Let $r: [a,b] \to \Bbb R^d$ be a continuous differentiable function. Then the arc length is given by $$L(r) = \int_a^b || r'(t) || \, dt$$

Definition 2:

Let $r: [a,b] \to \Bbb R^d$ be a continuous function. Then the arc length is given by $$ V(r) = \sup_P \sum_{k=1}^n || r(x_k)-r(x_{k-1}) ||$$ where the supremum is taken over all partitions $P = \{a=x_0 \lt x_1 \lt \ldots \lt x_n = b \}$ of $[a,b]$.

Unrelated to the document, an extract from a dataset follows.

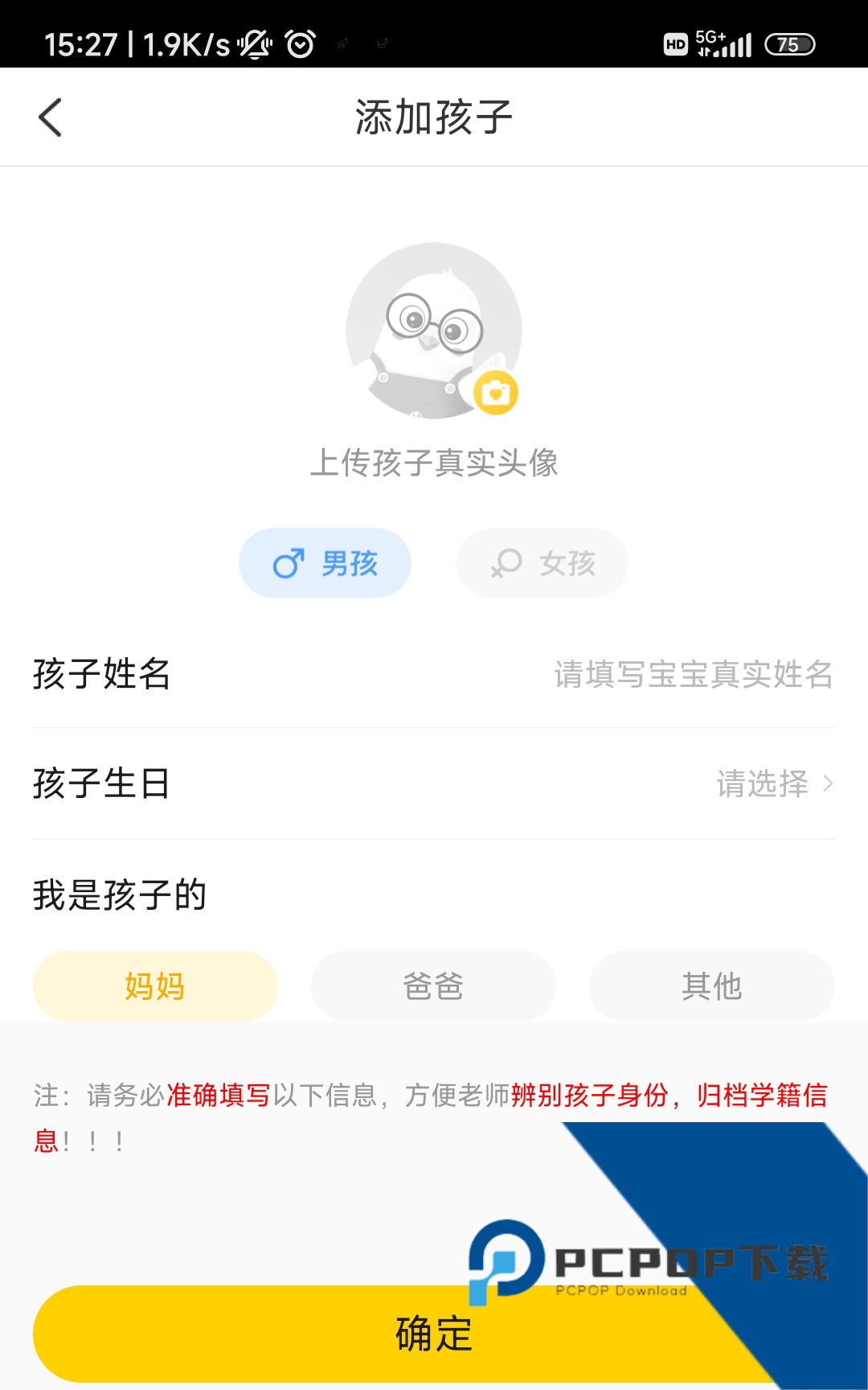 2、输入孩子的姓名,生日,还有自己与孩子的关系,然后点击【确定】

How can I show that for a continuous differentiable $r(t)$ the two definitions are equivalent, i.e. $L(r)=V(r)$?

What I've done so far:

I found this question, which shows that I can convert the supremum to a limit

$$V(r) = \sup_P \sum_{k=1}^n || r(x_k)-r(x_{k-1}) || = \lim_{n \to \infty} \sum_{k=1}^n || r(x_k)-r(x_{k-1}) ||$$

by choosing an appropriate sequence of partitions $P_n$ of which I take the $x_k$'s. This gives

$$ \lim_{n \to \infty} \sum_{k=1}^n || r(x_k)-r(x_{k-1}) || = \lim_{n \to \infty} \sum_{k=1}^n || \frac{r(x_k)-r(x_{k-1})}{x_k-x_{k-1}} || (x_k-x_{k-1})$$

Now I somehow need to show that

$$\lim_{n \to \infty} \sum_{k=1}^n || \frac{r(x_k)-r(x_{k-1})}{x_k-x_{k-1}} || (x_k-x_{k-1}) = \int_a^b ||r'(t)|| \, dt$$

How can I justify this step of converting the sum to an intergral and taking the limit of the inside simultaneously?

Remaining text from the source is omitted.